Soundboard for Live Performance

Live performance demands reliability, precision, and instant response. A soundboard app on stage needs to fire sounds without delay, follow a cue sheet, and survive a two-hour show without crashing.

What Do Live Performers Need from a Soundboard App?

Live performers need a soundboard that triggers sounds with zero perceptible latency, supports setlist-based cue sequencing for structured shows, offers Hold play mode for timed effects, connects to MIDI controllers for hardware integration, and runs reliably for extended periods without audio glitches or crashes.
  • Zero perceptible latency pre-loaded audio buffers via AVAudioEngine
  • Setlist cue sequencing structured shows with advance modes
  • Hold play mode timed effects with press and release control
  • MIDI controller support hardware integration via CoreMIDI
  • Extended reliability native Swift code, no audio glitches

The custom soundboard app category serves live performers who carry their own sound libraries: backing tracks, ambient pads, sound effects, transition stingers, and audience interaction cues. These sounds are part of the show, not background decoration, and the soundboard is an instrument that requires the same reliability as a microphone or amplifier.

LitPads is built on Apple's AVAudioEngine with pre-loaded audio buffers for near-instant playback response. The 4-voice round-robin pool per pad handles rapid retriggering without clicks or audio artifacts. Anti-click processing applies 128-sample micro-fades at buffer boundaries for clean transitions between sounds.

How Does Setlist Mode Work for Live Shows?

LitPads setlist mode organizes pre-programmed audio cue sequences for live shows. Each setlist contains an ordered list of cues. Each cue can trigger multiple sounds simultaneously. Three advance modes control progression: manual (operator presses GO), auto-advance (fires when current audio finishes), and timed (fires after a configurable delay).
Manual
Operator presses GO
Auto-Advance
Fires when current audio finishes
Timed
Fires after configurable delay

The performance UI displays a vertical scrolling cue list with the current cue highlighted in green with expanded operator notes. Past cues appear grayed out with checkmarks. The next cue shows a blue arrow indicator. A large GO button at the bottom advances to the next cue. Auto-scroll keeps the current cue centered in view. On Mac, the spacebar advances cues.

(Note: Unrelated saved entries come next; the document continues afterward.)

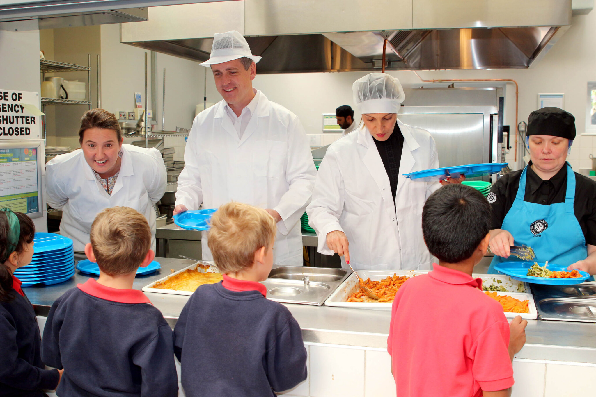 Students at Earlsfield Primary School, in Tranmere Road, had a visit from Wandsworth council leader Simon Hogg, cabinet member for children Kate Stock and Tooting MP Dr Rosena Allin-Khan, who helped serve them lunch.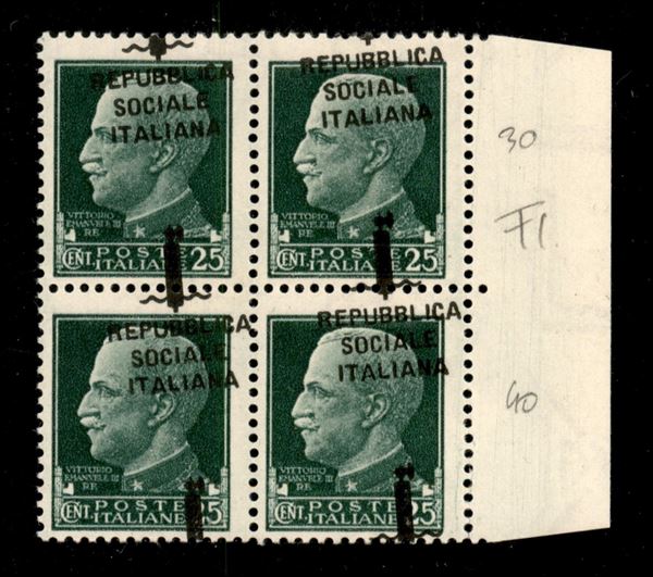 1944 - Firenze - 25 cent (491h) - quartina bordo foglio (pos. 29/40) con soprastampe oblique - gomma integra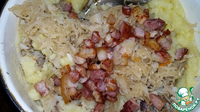 Квашенную капусту /у меня кисло-сладкая/ немножко потушить, мне нравится что бы в ней оставалась хрустинка.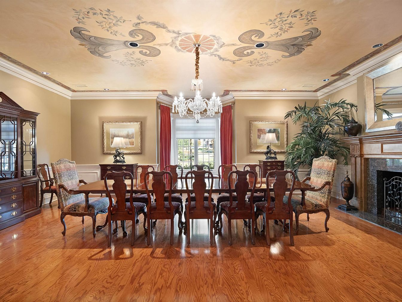 A spacious, elegant formal dining room designed for large family gatherings features a classic wooden table surrounded by carved high-back chairs. The rich hardwood floor complements the warm beige walls, which are adorned with traditional framed artwork and decorative lamps. An ornate chandelier hangs at the center, illuminating the space while drawing attention to the intricate hand-painted ceiling mural above. Large windows framed with sumptuous red curtains provide natural light and a welcoming atmosphere. Architectural touches like crown molding, wainscoting, and a grand fireplace with a decorative mantle add sophistication, while the presence of lush greenery and ample seating make it family-friendly and inviting.
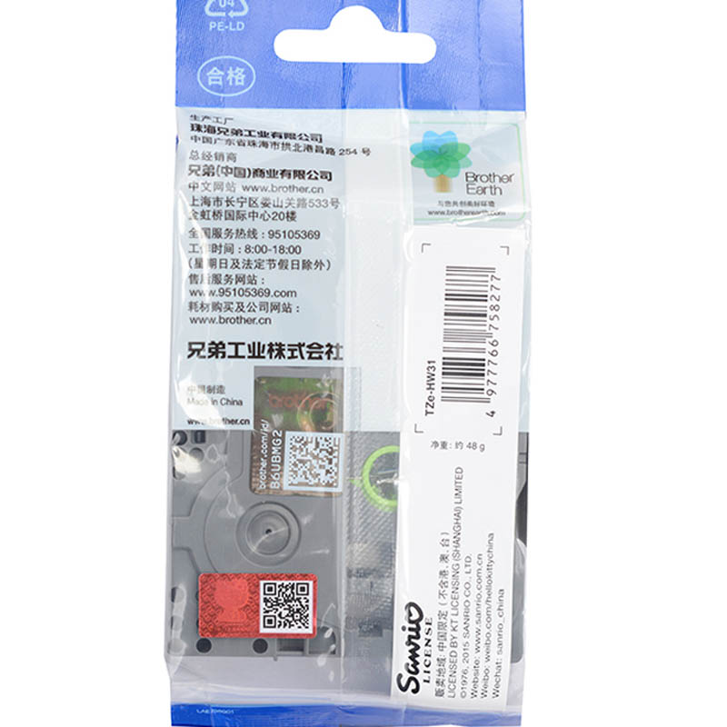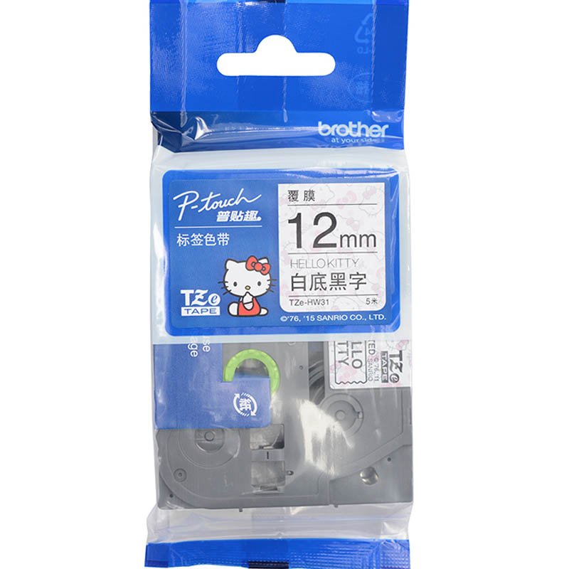 • 兄弟(brother)TZe-HW31 12mm 卡通白底黑字 Hello Kitty背景图案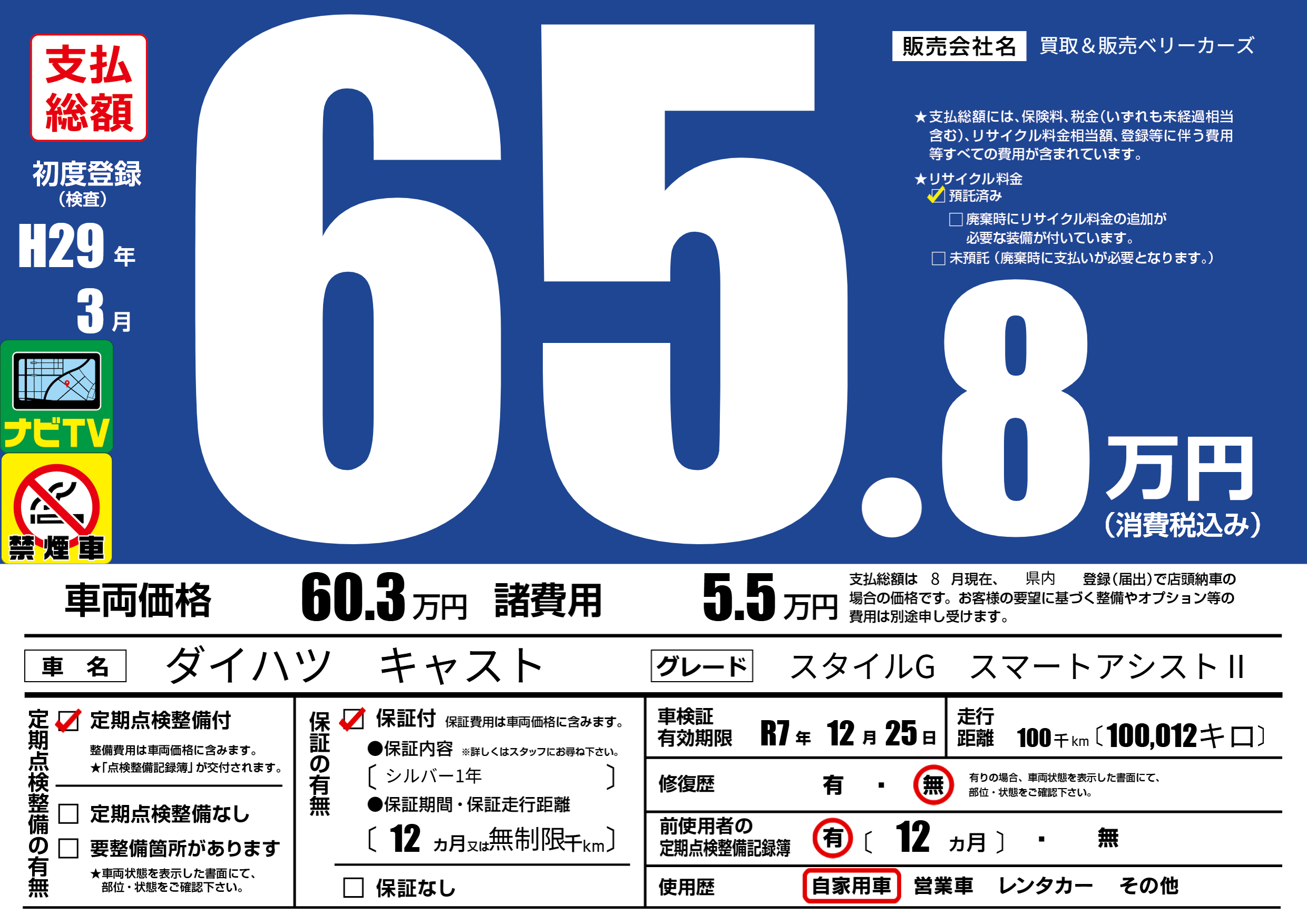 | 走行キロ | 10万km | 初年度登録 | H29年3月 |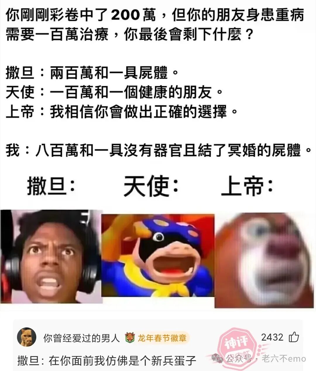 小区附近新开了一个浴室,装修高档,连大池的水里都装上了壁灯,楼主脱了衣服刚要下水,里面十几个泡澡的兄弟忽然站起喊着各种号子,集体跳起舞来,楼主被这种欢迎场面逗的哈哈大笑。忽然浴室老板慌慌张张的跑了进来,迅速拉下了电闸,黑暗中听见他说了句:“操!水灯漏电了!”啥?。。。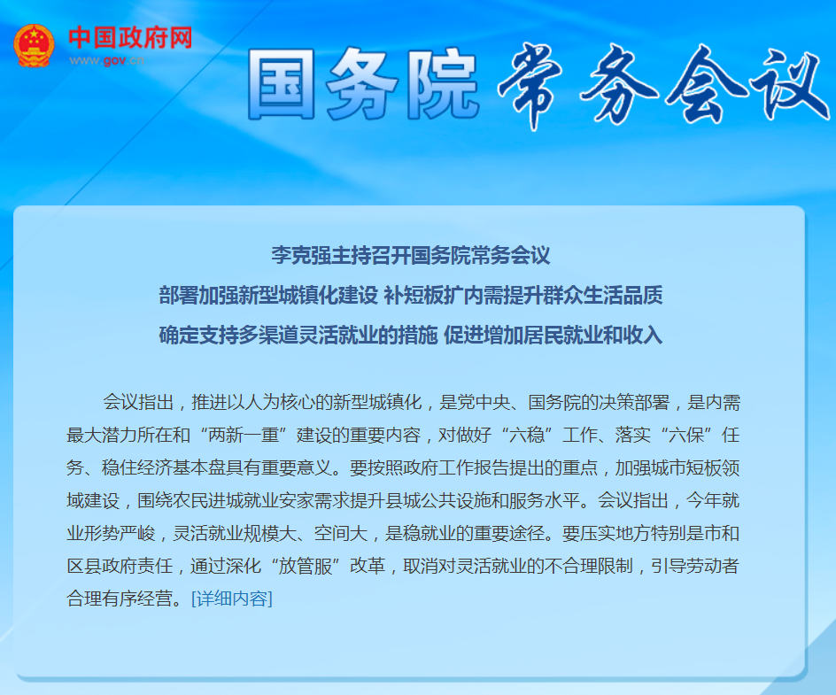 李克強主持召開國務(wù)院常務(wù)會議 部署加強新型城鎮(zhèn)化建設(shè) 補短板擴內(nèi)需提升群眾生活品質(zhì) 確定支持多渠道靈活就業(yè)的措施 促進(jìn)增加居民就業(yè)和收入 國務(wù)院總理李克強7月22日主..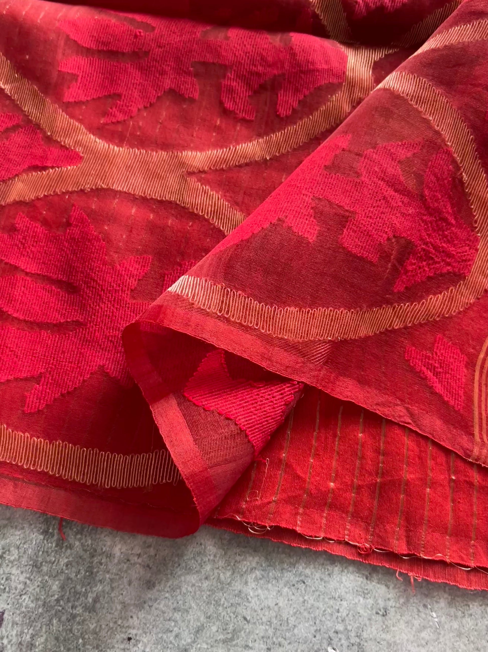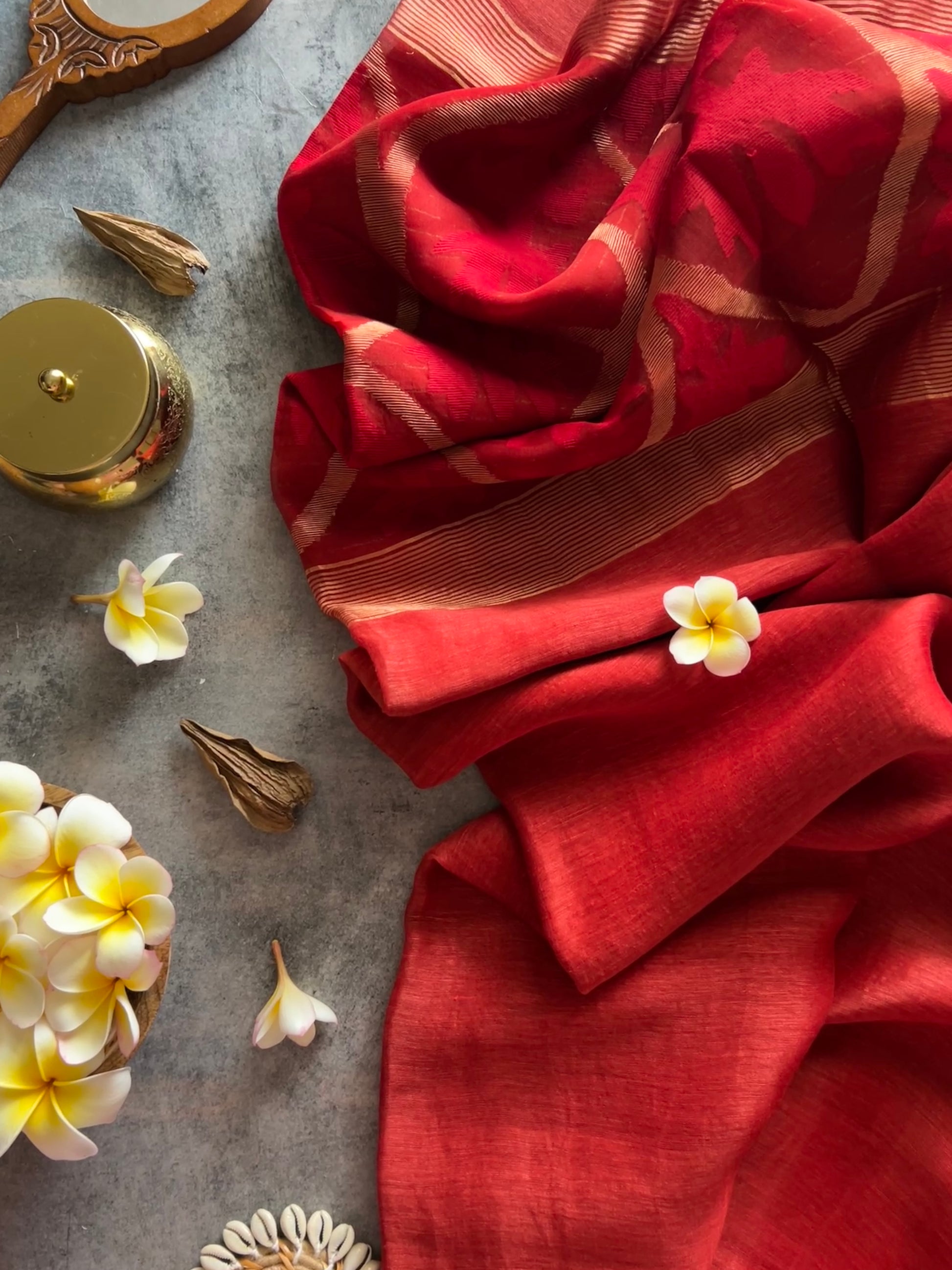 The linen silk fabric brings a perfect balance of softness and sheen, offering a lightweight yet luxurious feel. The Jamdhani work on the muslin pallu adds intricate, traditional handwoven motifs, elevating the saree with timeless beauty and cultural heritage. Together, these elements create a saree that exudes elegance, sophistication, and intricate craftsmanship, making it a stunning choice for special occasions.

Cue notes give operators written instructions directly in the performance view. Notes like "wait for applause to die down" or "cue after pastor finishes prayer" appear below the cue name, visible only to the operator. This eliminates the need for a separate cue sheet printed on paper.

No other soundboard app offers setlist mode. The theatre soundboard guide covers how to build setlists specifically for theatrical productions with multi-cue scenes and timed transitions.

Which Play Modes Matter for Live Performance?

Hold mode plays a sound only while the pad is pressed, which gives performers precise control over effect duration. Loop mode sustains ambient textures and backing tracks continuously. One Shot with Restart retrigger mode ensures clean transitions between longer sounds. Toggle mode starts and stops tracks with a single press.

Hold mode is the most performance-oriented play mode. A DJ holds a siren during a buildup and releases at the drop. A theatre operator holds crowd noise during a scene and releases when dialogue starts. A musician holds a sustained chord pad and releases for the transition. The physical gesture of holding and releasing creates a performance dynamic that timed playback cannot replicate.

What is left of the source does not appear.